- What the task requires:
Using the listing below, set down exactly the lines from the one that contains "This Talavera Black" through the one that contains "42 x 35,5 cm.", with no pictures.

- Data records:
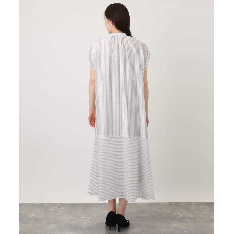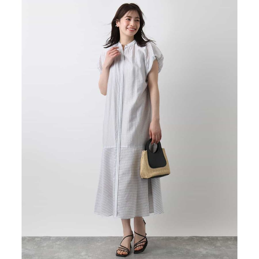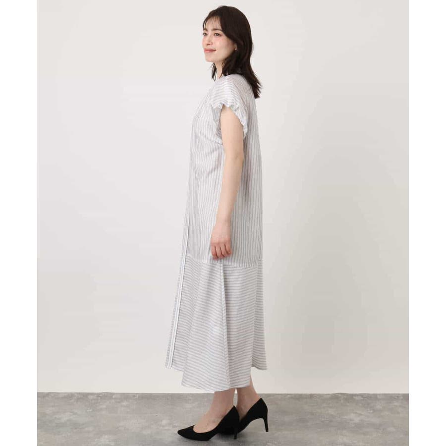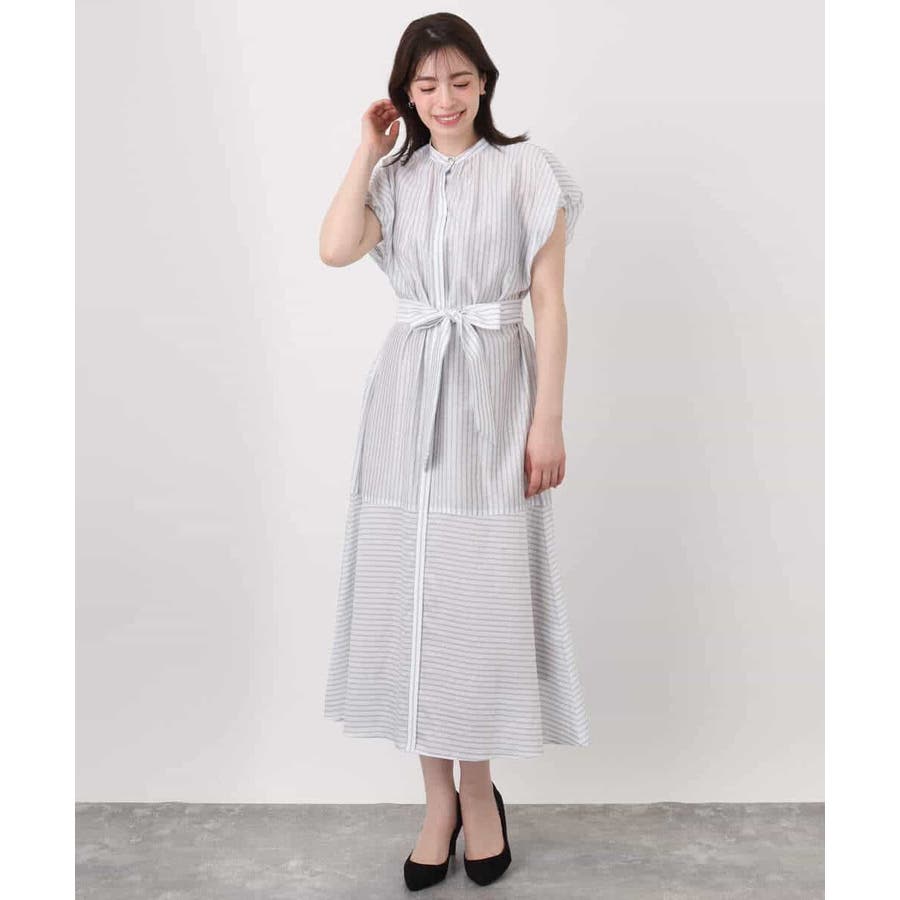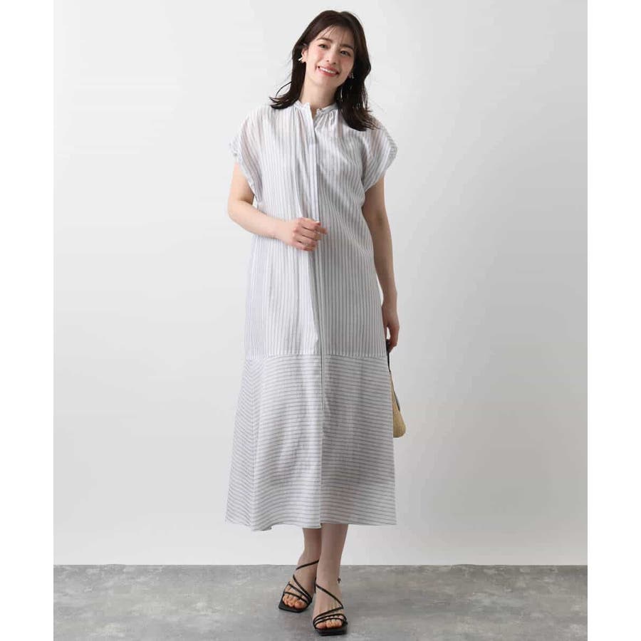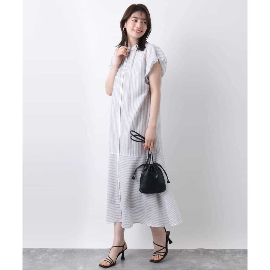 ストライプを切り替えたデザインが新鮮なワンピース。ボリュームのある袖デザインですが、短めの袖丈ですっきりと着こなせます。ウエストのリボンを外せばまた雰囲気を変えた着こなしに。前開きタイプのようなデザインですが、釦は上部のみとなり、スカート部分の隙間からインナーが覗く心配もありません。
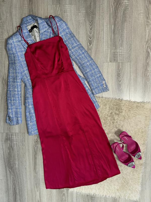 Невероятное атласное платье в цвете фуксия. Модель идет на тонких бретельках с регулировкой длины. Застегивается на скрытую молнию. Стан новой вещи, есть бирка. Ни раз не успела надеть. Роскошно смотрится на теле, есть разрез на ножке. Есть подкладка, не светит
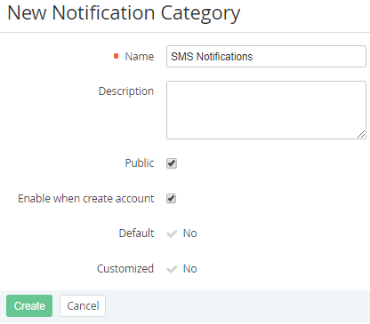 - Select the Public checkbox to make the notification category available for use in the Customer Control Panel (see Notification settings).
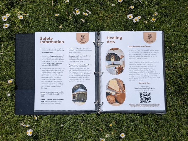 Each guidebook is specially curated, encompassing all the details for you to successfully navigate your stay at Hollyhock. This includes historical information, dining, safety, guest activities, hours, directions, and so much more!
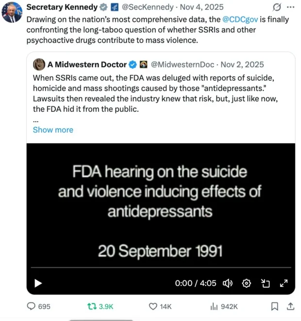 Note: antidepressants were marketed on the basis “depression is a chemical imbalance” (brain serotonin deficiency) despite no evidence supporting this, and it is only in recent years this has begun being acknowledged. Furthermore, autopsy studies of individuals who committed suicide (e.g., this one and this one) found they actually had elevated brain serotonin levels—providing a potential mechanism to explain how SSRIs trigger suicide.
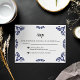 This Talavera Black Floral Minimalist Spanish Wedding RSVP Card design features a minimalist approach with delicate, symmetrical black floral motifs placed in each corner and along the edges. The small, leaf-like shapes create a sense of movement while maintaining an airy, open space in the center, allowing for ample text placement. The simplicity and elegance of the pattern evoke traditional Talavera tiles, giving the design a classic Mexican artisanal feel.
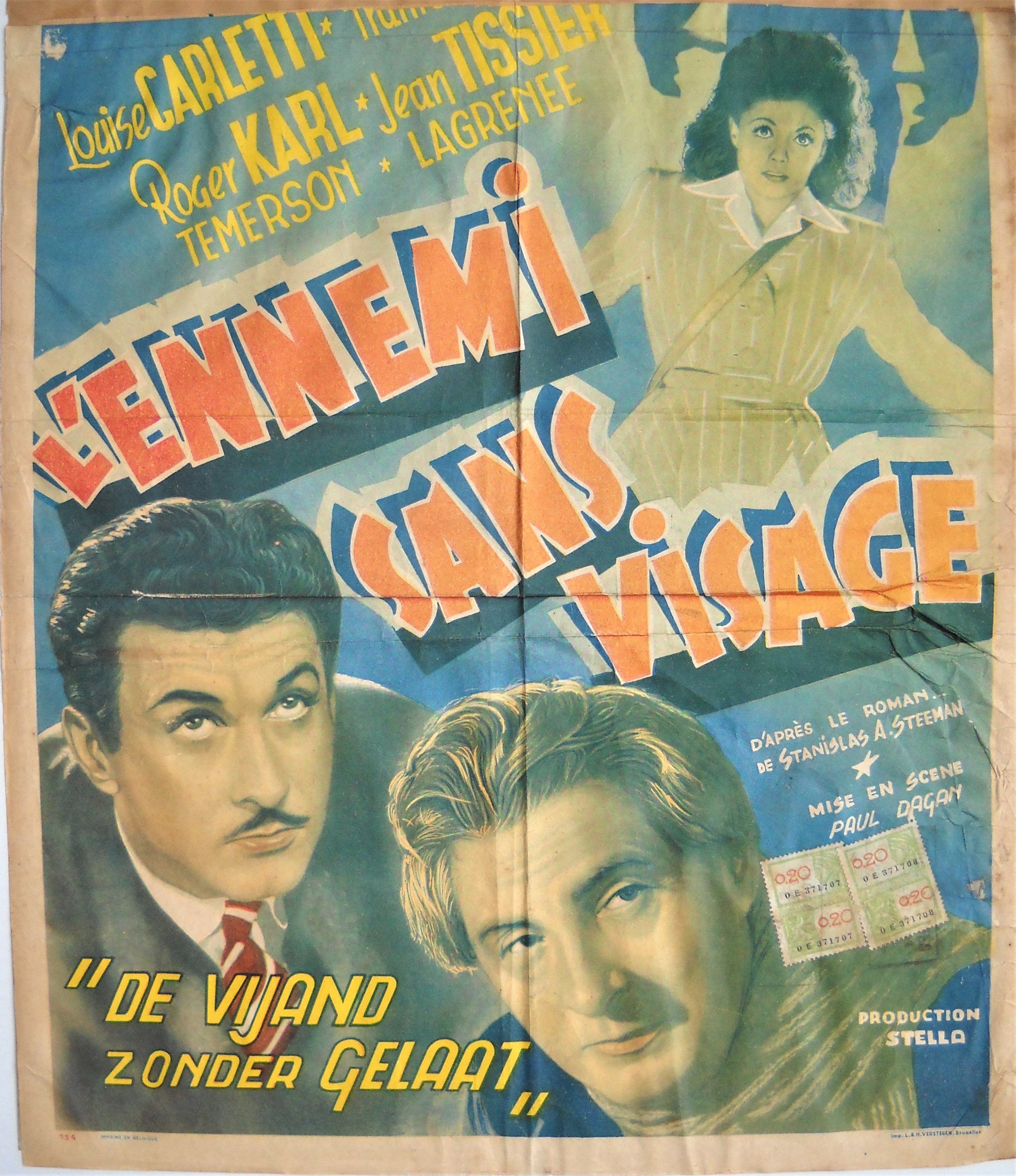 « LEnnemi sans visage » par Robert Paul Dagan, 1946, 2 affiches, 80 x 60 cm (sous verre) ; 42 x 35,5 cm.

--

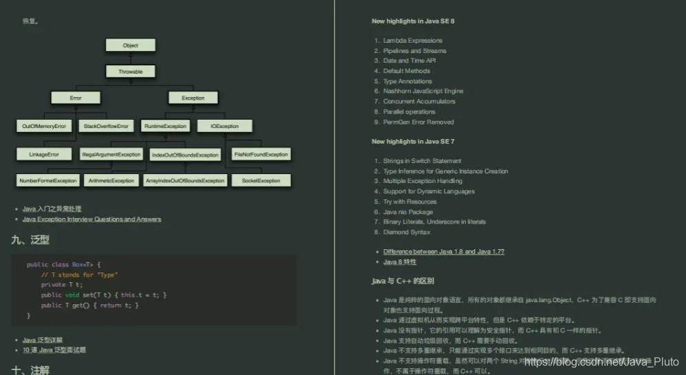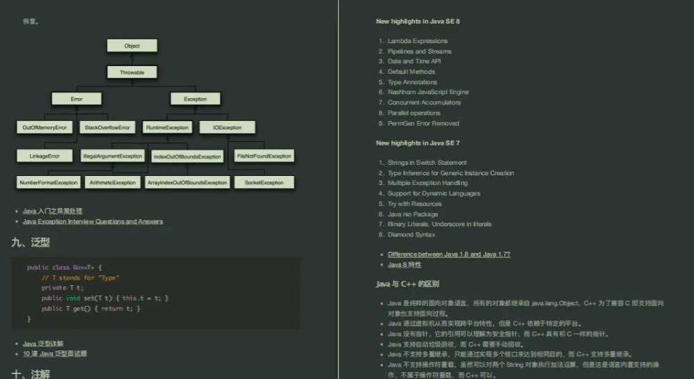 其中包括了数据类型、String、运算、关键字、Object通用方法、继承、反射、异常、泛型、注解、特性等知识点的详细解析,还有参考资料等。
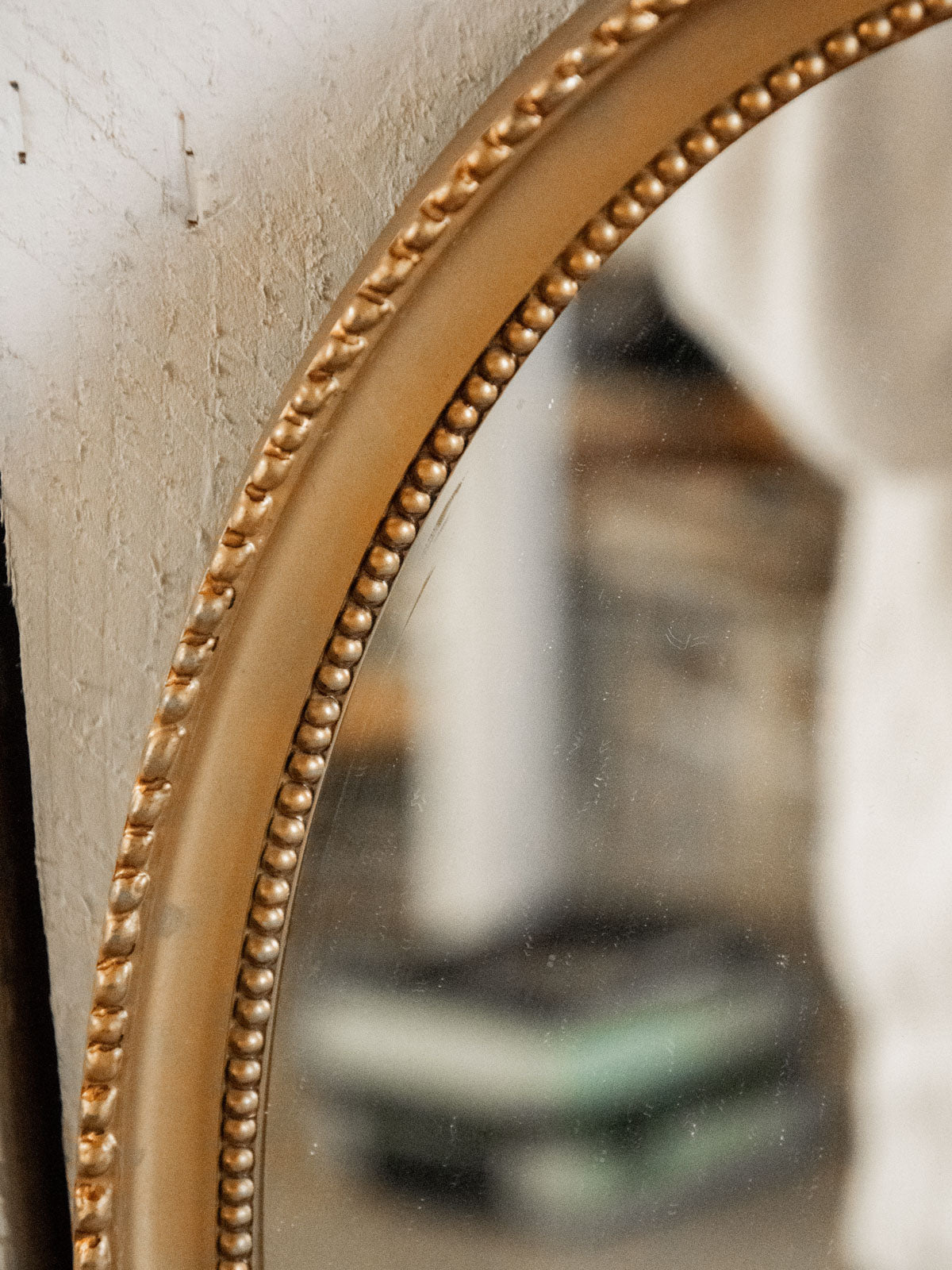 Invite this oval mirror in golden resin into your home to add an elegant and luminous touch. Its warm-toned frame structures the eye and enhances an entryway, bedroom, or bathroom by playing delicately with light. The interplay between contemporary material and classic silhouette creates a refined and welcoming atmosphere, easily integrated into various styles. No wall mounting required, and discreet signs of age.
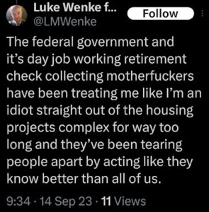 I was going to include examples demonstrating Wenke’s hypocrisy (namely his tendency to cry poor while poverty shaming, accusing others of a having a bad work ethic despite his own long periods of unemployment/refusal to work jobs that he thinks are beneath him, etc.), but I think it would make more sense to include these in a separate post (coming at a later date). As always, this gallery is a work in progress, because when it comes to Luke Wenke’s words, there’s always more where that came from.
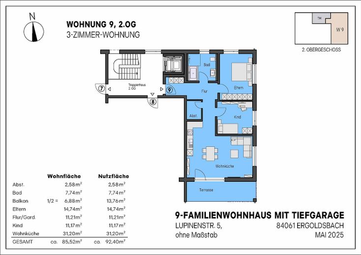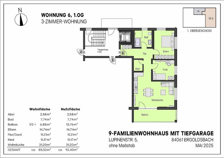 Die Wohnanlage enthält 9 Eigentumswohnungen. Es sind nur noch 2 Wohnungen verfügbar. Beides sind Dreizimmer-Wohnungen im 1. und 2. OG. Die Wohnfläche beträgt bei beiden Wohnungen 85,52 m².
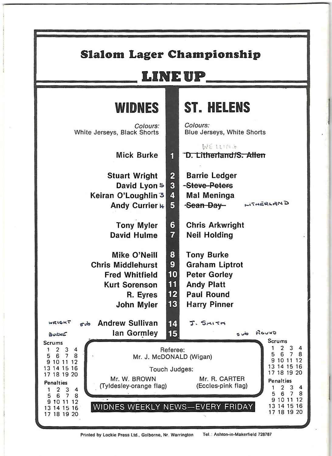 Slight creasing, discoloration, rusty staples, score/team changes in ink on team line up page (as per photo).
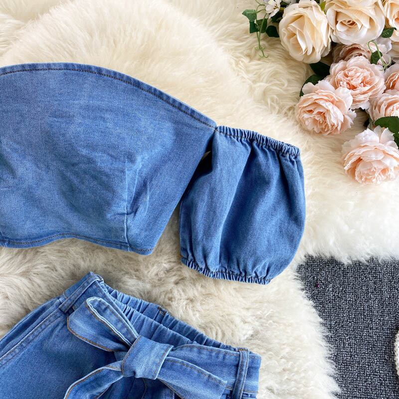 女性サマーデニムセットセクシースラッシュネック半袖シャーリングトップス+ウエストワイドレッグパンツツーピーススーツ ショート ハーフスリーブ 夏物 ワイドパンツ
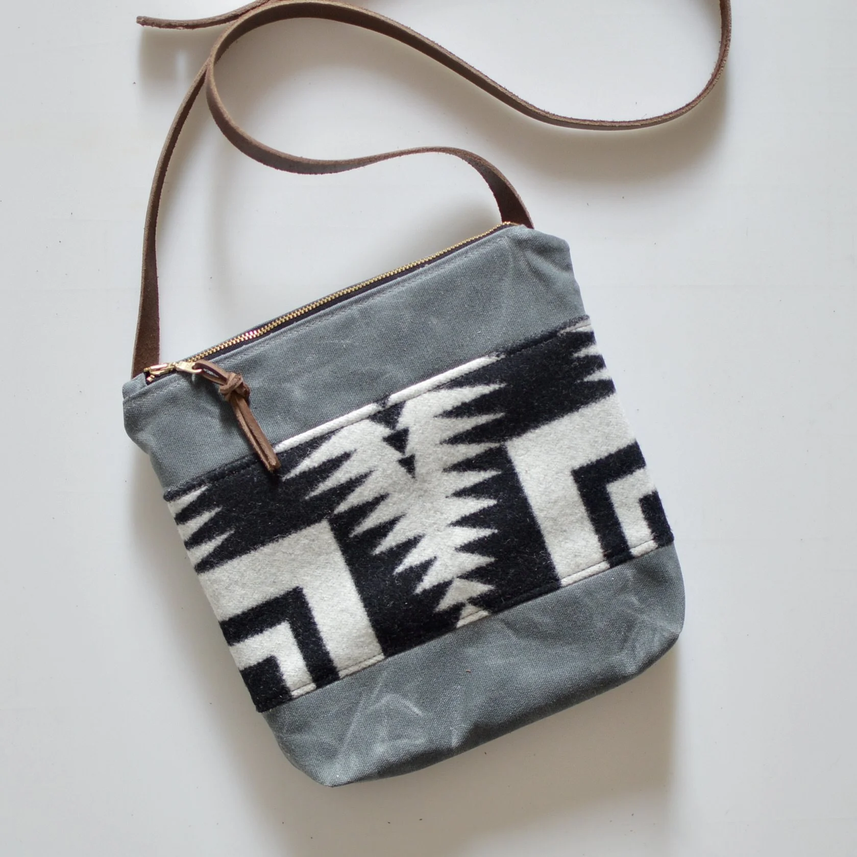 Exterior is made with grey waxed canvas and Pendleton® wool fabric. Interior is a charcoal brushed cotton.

- Response for this exercise:
 This Talavera Black Floral Minimalist Spanish Wedding RSVP Card design features a minimalist approach with delicate, symmetrical black floral motifs placed in each corner and along the edges. The small, leaf-like shapes create a sense of movement while maintaining an airy, open space in the center, allowing for ample text placement. The simplicity and elegance of the pattern evoke traditional Talavera tiles, giving the design a classic Mexican artisanal feel.
 « LEnnemi sans visage » par Robert Paul Dagan, 1946, 2 affiches, 80 x 60 cm (sous verre) ; 42 x 35,5 cm.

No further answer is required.